What kind of shoes did you wear?

When I first got interested in hiking the Camino, I stumbled upon this blog written by a guy who walked the entire length of the pilgrimage in Vibram FiveFingers—minimalist “barefoot”-style gloves for your feet with Vibram rubber soles. I had always been uneasy about clomping around in massive hiking boots and worrying about washing wool socks, etc., so I was fascinated that it was humanly possible to do the Camino in FiveFingers. I loved the ones I already had (TrekSport), so I began practicing with them to build up the muscles in my feet and legs. Additionally, I exclusively wore flat-soled Vans and Converses to strengthen my feet.

For most of the hike, they were extremely comfortable and actually a lot of fun to wear, whether crawling over rocks or splashing through muddy streams. However, my feet tended to wear out past the 20km mark, and in Santiago, I was so sore that I was hobbling around the city in my flip flops. Also, the whole not-wearing-socks thing meant this repulsive stank developed inside the shoes, and although washing them in the shower helped, they were rarely dry by the morning. Still, I only got a single blister on my right foot.

I have no regrets about the footwear I chose—it was kind of fun getting lots of weird looks and giggles my way—but Trevor the Ten-Toed Texan would wear some kind of trainers or hiking shoes with socks the next time. I heard great things from my hiking friend Rosie about anti-blister 1,000 Mile Socks, so I’ll have to look into them. To be honest, I wouldn’t recommend VFFs for the Camino, but I nevertheless enjoyed the experience I had in them.

Tell me about the certificate (compostela).

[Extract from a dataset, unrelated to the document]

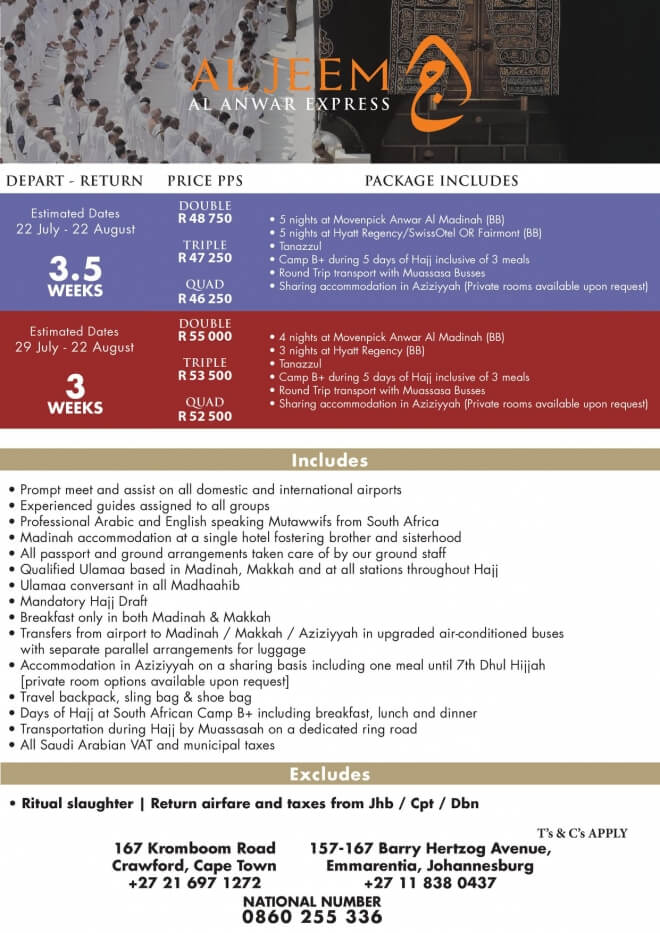 Disclaimer: Kindly check and confirm details with operators before booking. Package Information has been uploaded onto our website as received, and may have changed. Hotel Information has been sourced from websites like Google Maps, Wikimapia and Hotels.com. If any of the information is incorrect, kindly let us know via email: info@hajjumrahinfo.co.za - Shukran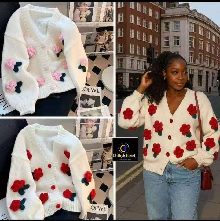 Soyez éblouissante avec ce cardigan en tricot orné de fleurs colorées. Parfait pour ajouter une touche élégante à vos tenues décontractées. Confortable et tendance, c'est le choix idéal pour les journées fraîches d'automne ou de printemps. S'associe bien avec des jeans ou des jupes pour un look chic et décontracté.

When you go to the Pilgrims Office in central Santiago to pick up your certificate that proves you hiked the Camino, you have to fill out your personal details on this form. One of the boxes you have to tick is motivación; i.e., why did you do it? Checking the boxes for religión and religión y otros will merit you a compostela, or a fancy, Latin-language certificate in red and black ink that states you piously came to Santiago to regard the tomb of St. James.

If you didn’t do the Camino for any spiritual reasons at all (otros), they will still give you a certificado, a simple document that welcomes you to the cathedral and is just as much proof of having walked it as the compostela is.

Would you do it again?

Even though I only walked 115km, it was just enough to get the compostela to say “I did it.” So it’s officially off the bucket list, and I could die happy without regretting not having walked the Camino when I had the chance.

But there’s still 700 more kilometers of the pilgrimage I haven’t walked, and I would love to go back one day, start in St-Jean-Pied-de-Port in the French Pyrenees, and walk the camino francés through the beauty of Navarra and La Rioja, across the plains of Castilla, over the mountains of Bierzo, and into Galicia where Santiago lies. It would be a good five-week journey, that’s for sure, but it would be an immensely satisfying experience to go the whole way from “start” to finish.